Было семь утра. Но жара в тот день поднялась спозаранку, а вместе с ней проснулись и люди.
Соседка напевала: «Я один-о-ка…», и Абдуррахим подумал, что ему давно уже пора жениться, чтобы раз и навсегда покончить со своим одиночеством и начать новую жизнь — в семейном кругу. Конечно, тогда ему придется расстаться с грустью уединения, давно привычной и даже любимой, с неторопливыми размышлениями в тиши дома и безудержными фантазиями, которые порой превращали покой его жилища в стеклянный парусник, скользящий по глади моря света и тумана, а его молчание — в мечту, чьи лучи сияют из-за далеких горизонтов… Но вместе с тем из его жизни наконец навсегда уйдет та скука, которая давно уже поселилась в его душе, и эта бессонница, нарушающая привычный ритм его жизни.
И все же, если он женится, разве смогут тогда растрогать его до слез звуки музыки, строчки стихов или какой-нибудь пейзаж?..
Если он женится, то потеряет свободу в своем доме, которую давала ему холостяцкая жизнь!
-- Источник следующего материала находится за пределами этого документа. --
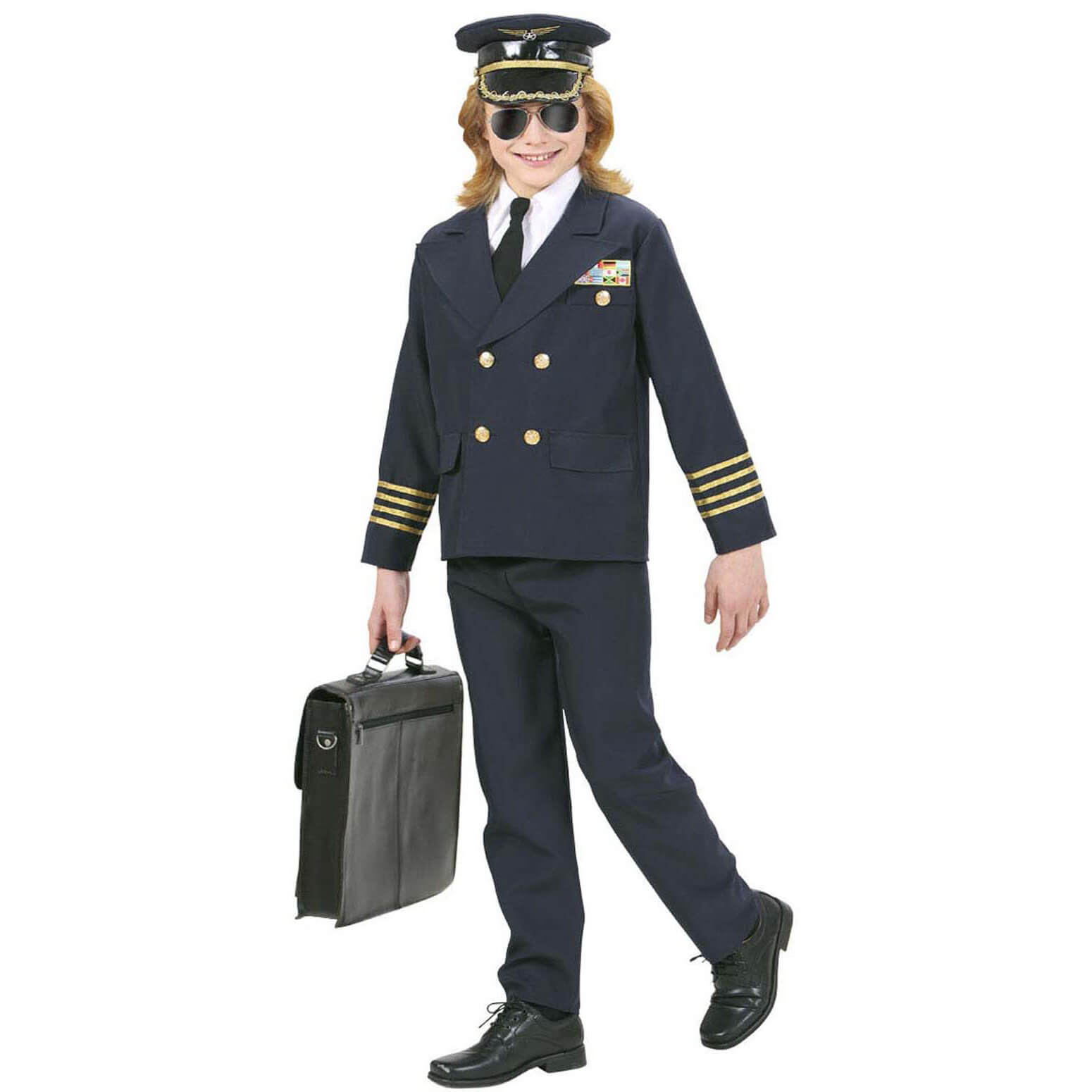 Flugkapitän Pilot Uniform Kinderkostüm Anzug mit Hose und Mütze dunkelblau – (ARTIKEL/REFERNZ: 8003558731466/WI73146-8003558731473/WI73147-8003558731480/WI73148-8003558731497/WI73149 – Kategorie/Suche: – Hersteller: Widmann S.r.l.)
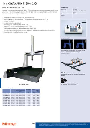 КИМ CRYSTA-APEX S 1600 и 2000 Серия 191 - стандартная КИМ с ЧПУ Спецификация Большая и высокопроизводительная КИМ с ЧПУ разработана для высокоточных измерений скани‐рованием, с возможностью установки контактного датчика, сканирующего датчика, оптическогоРазрешениеПогрешность0,1 мкмE0, MPE от: (3,3+0,45L/100)мкм датчика, лазерного сканирующего датчика. Макс. скорость 693 мм/с привода • Проверенная временем конструкция портального типа • Высокой жесткости направляющие с воздушными подшипниками на всех осях • Высокая точность • Высокие скорость и ускорение • Температурная компенсация от 16° до 24°C • Стеклянные шкалы высокого разрешения 0,1 мкм • Гранитный рабочий стол с резьбовыми отверстиями - M8 • Многофункциональный джойстик, включая два рычага и регулятор скорости перемещения • Опциональный антивибрационный стенд Контроллер-джойстик Конструкция оптимизирована при помощи метода конечных элементов и анализа методом нормальных волн Quick Rail Совершенная система для большой номенклатуры деталей CRYSTA-Apex S 163012 См. брошюру "КИМ CRYSTA-Apex S" Модели CRYSTA-Apex S: № Модель Диапазон измерений[мм] Возможнаянагрузка[кг]Высотадетали[мм]Масса,[кг] 191-286-10EU 162012 1600 x 2000 x 1200 3000 1400 9300 191-266-10EU 163012 1600 x 3000 x 1200 3500 1400 10600 191-276-10EU 164012 1600 x 4000 x 1200 4500 1400 14800 191-286H-10EU 162016 1600 x 2000 x 1600 3000 1800 9350 191-266H-10EU 163016 1600 x 3000 x 1600 3500 1800 10650 191-366H-10EU 203016 2000 x 3000 x 1600 4000 1800 14100 191-276H-10EU 164016 1600 x 4000 x 1600 4500 1800 14850 191-376H-10EU 204016 2000 x 4000 x 1600 5000 1800 19400 570 Все продукты предназначены для продажи коммерческим клиентам. Иллюстрации продуктов приведены без каких-либо обязательств.Описания продукции, в частности технические спецификации, соответствуют действительным только при предварительном подтверждении. По рекомендуемым розничным ценам, пожалуйста, обратитесь к отдельному прайс-листу. Все продукты предназначены для продажи
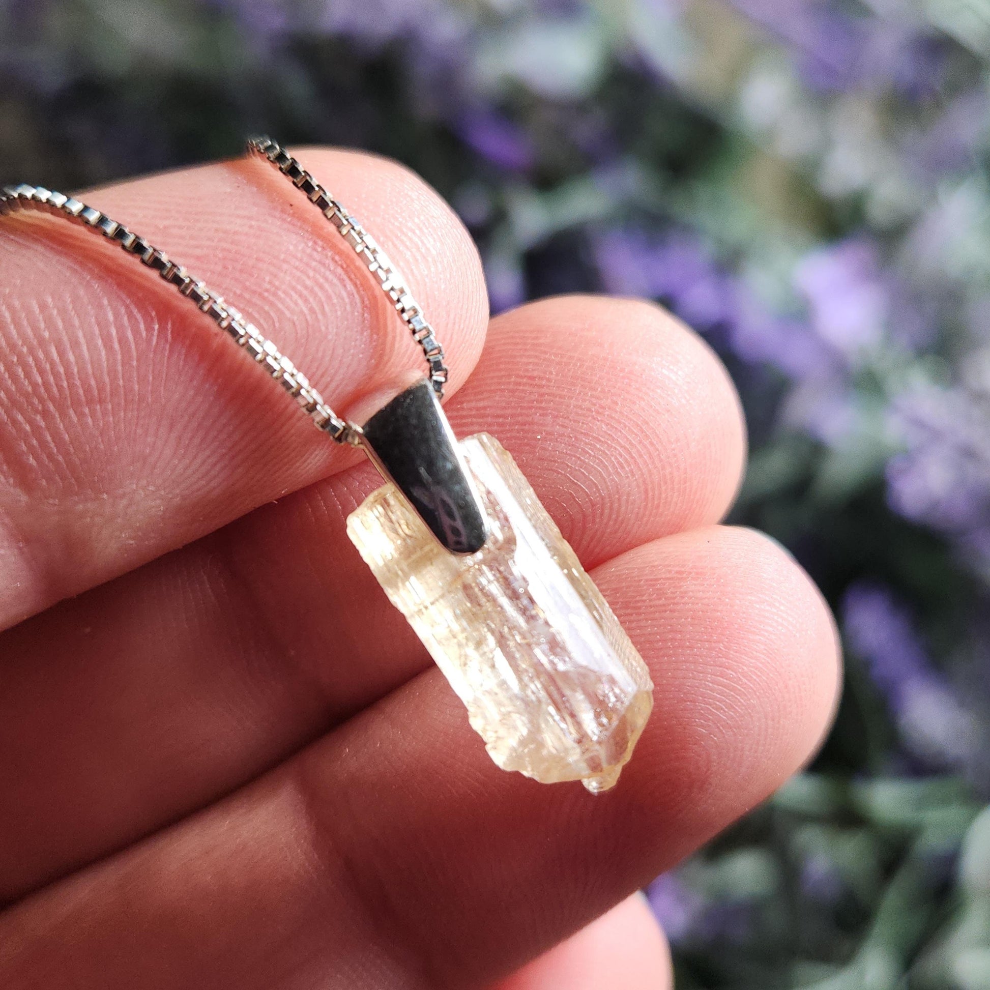 This Topaz crystal has visible striations, a terminated tip, and glows with a light golden translucence. This crystal has been custom created into a sturdy piece of jewelry using .925 Sterling Silver. This pendant measures approximately 13m by 8mm. The silver chain used in the photos is to help envision how this pendant will look while adorned but is not included in the listing.

Зато ему не придется больше возиться с кастрюлей или кофейной чашкой и вдыхать запах грязной посуды, которую надо вымыть. В сердце не останется места для досады на нечищеный котелок и жирную сковороду: мытье посуды всегда казалось ему занятием малопривлекательным, а стоит ему только жениться, как он навсегда освободит себя от этого.
Но он должен быть готов к тому, чтобы в корне изменить свой характер, приняв эту любвеобильную половину, которая пока скрывается где-то вдалеке и чей образ рисуется ему еще неясно, разве что в общих чертах, свойственных любой женщине.
Песня кончилась, соседка замолчала, а Абдуррахим, продолжая размышлять о женитьбе, вывел для себя следующее: «Супружество-это песня!» Он так и засиял, радуясь этому удачному сравнению. Но радость его вскоре померкла. «Даже самые прекрасные песни начинают резать слух, если их повторяют два-три раза, а что, если это на всю жизнь?»-с беспокойством подумал он.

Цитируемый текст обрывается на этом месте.